Retype, word for word, every line starting at the line with "Gym Stars &" and ending with the final line of the entries; skip the pictures.

[Data entries]
*** Begin section ***

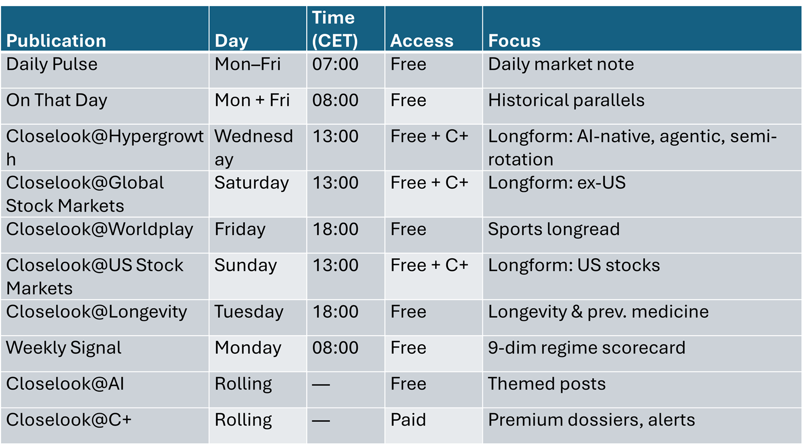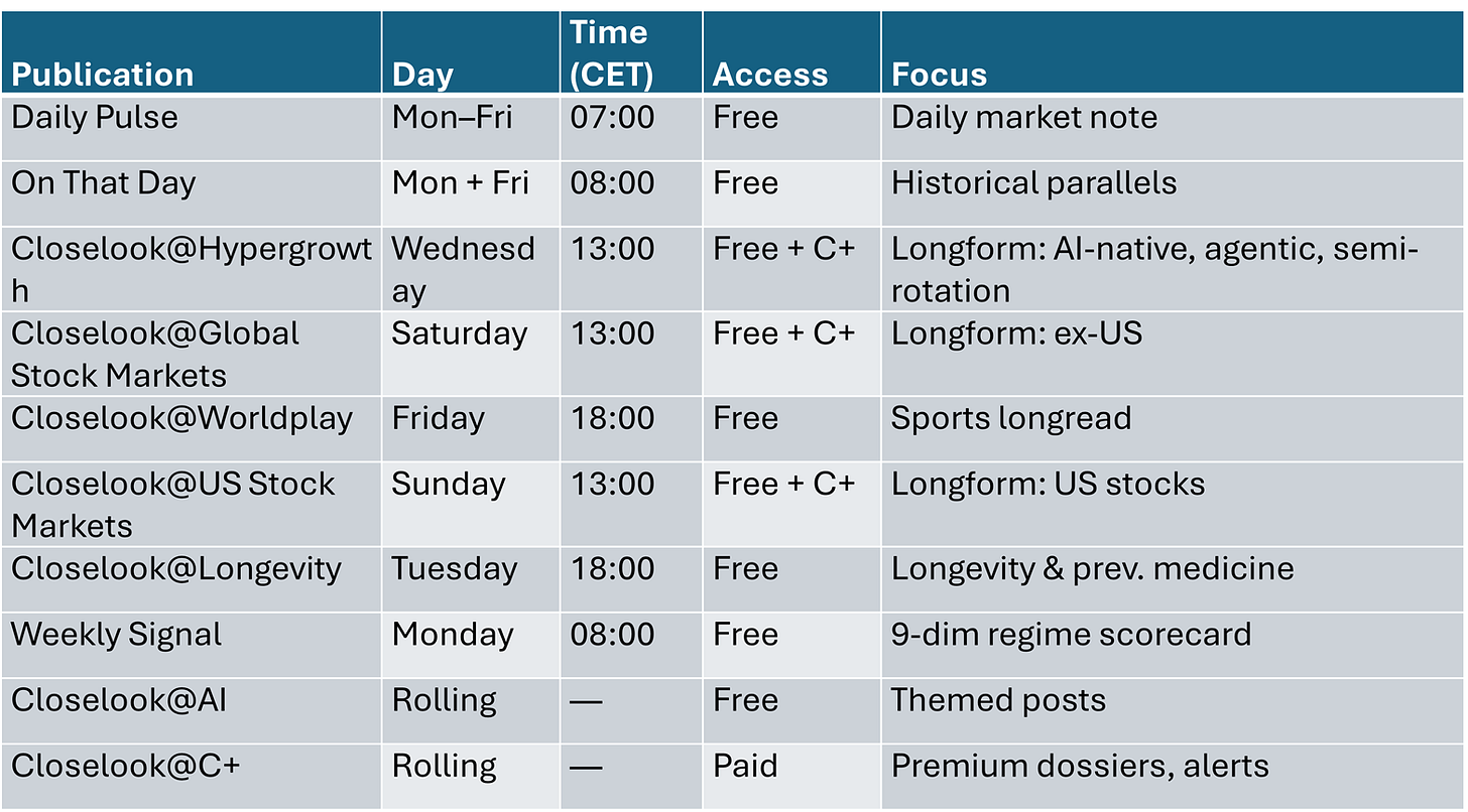 Thank you for reading this week’s edition of Closelook@Global Stock Markets, dated April 26, 2026 👋. The next edition will be published on May 3, 2026.
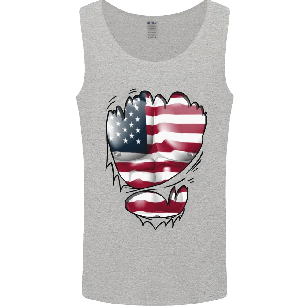 Gym Stars & Stripes American Flag Ripped Mens Vest Tank Top
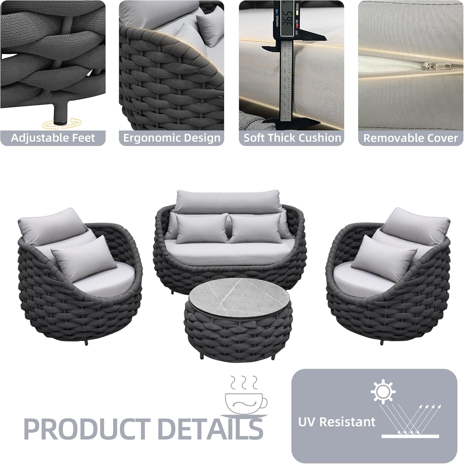TWT Patio Furniture Sofa Set 4 Pieces Aluminum Outdoor Furniture w/27.8in Coffee Table,Patio Conversation Set with Dark Grey Textilene Rope Grey Cushions for Sunroom Backyard Poolside Indoor
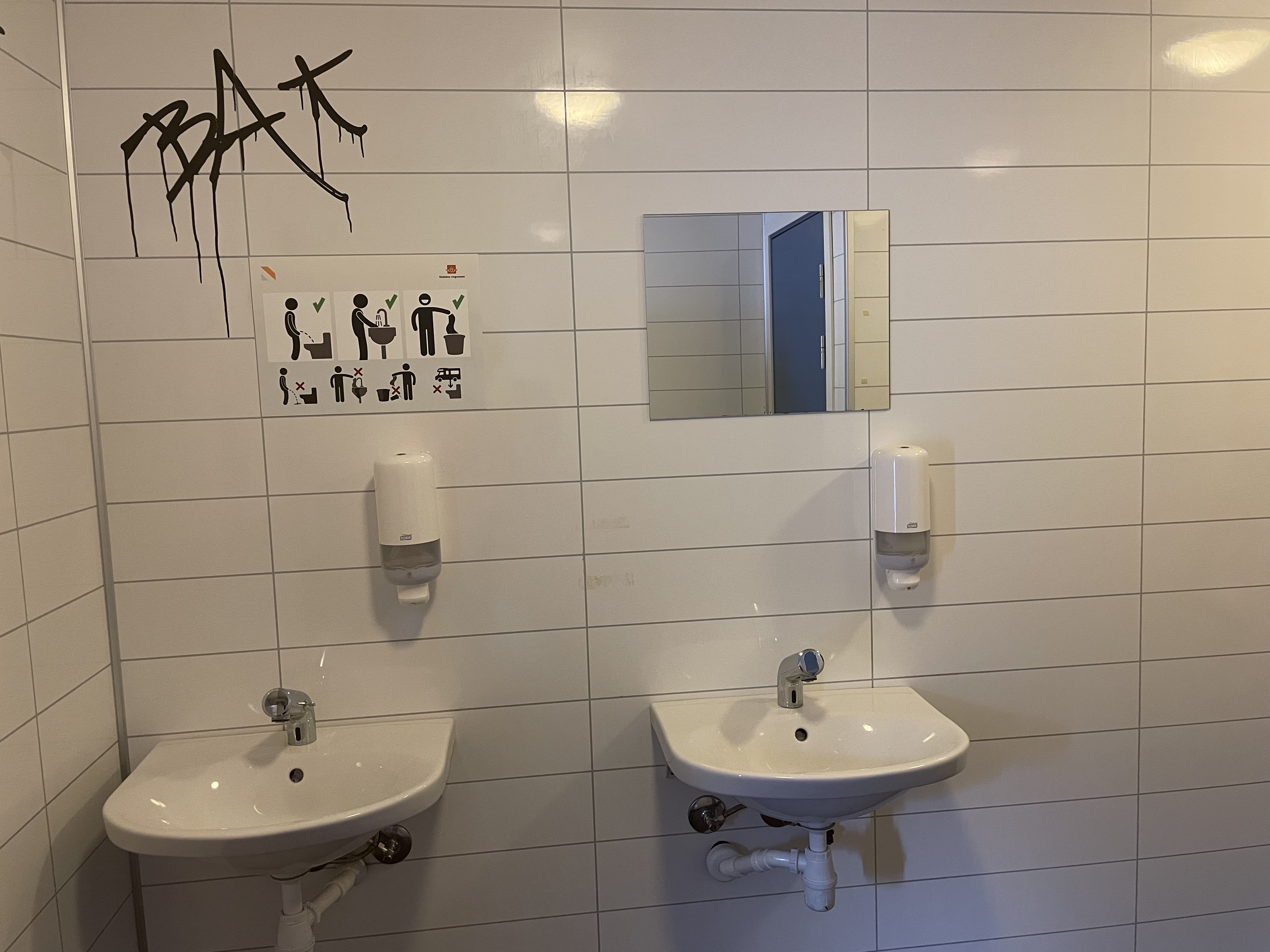 Her er det tagget på veggen inne på et toalett. Dette er unødvendig. Foto: Lars Olve Hesjedal, Statens vegvesen
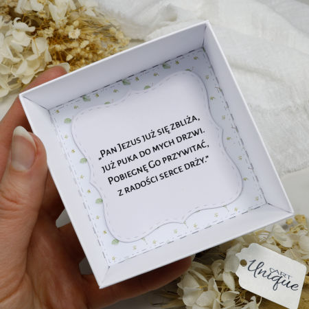 Zapakowana w unikalne, ręcznie robione i spersonalizowane ozdobne pudełeczko podarunkowe – idealna jako prezent.
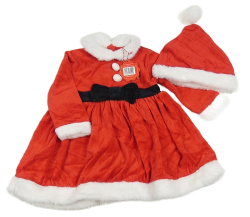 Nové - 2 set - Červeno-biele zamatové šaty s kožušinovými prvky + čapica s bambulí - Paní Santová
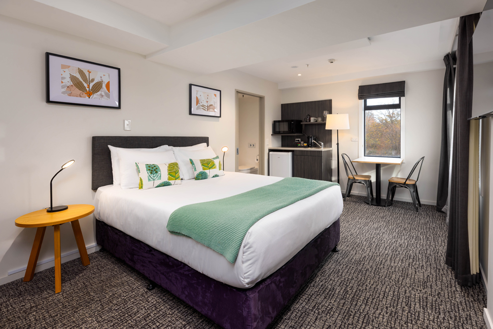 Our executive studio has one queen bed, ensuite bathroom and toiletries.

*** End section ***

- _OUTPUT FOR THIS TASK_
 Gym Stars & Stripes American Flag Ripped Mens Vest Tank Top
TWT Patio Furniture Sofa Set 4 Pieces Aluminum Outdoor Furniture w/27.8in Coffee Table,Patio Conversation Set with Dark Grey Textilene Rope Grey Cushions for Sunroom Backyard Poolside Indoor
 Her er det tagget på veggen inne på et toalett. Dette er unødvendig. Foto: Lars Olve Hesjedal, Statens vegvesen
 Zapakowana w unikalne, ręcznie robione i spersonalizowane ozdobne pudełeczko podarunkowe – idealna jako prezent.
 Nové - 2 set - Červeno-biele zamatové šaty s kožušinovými prvky + čapica s bambulí - Paní Santová
 Our executive studio has one queen bed, ensuite bathroom and toiletries.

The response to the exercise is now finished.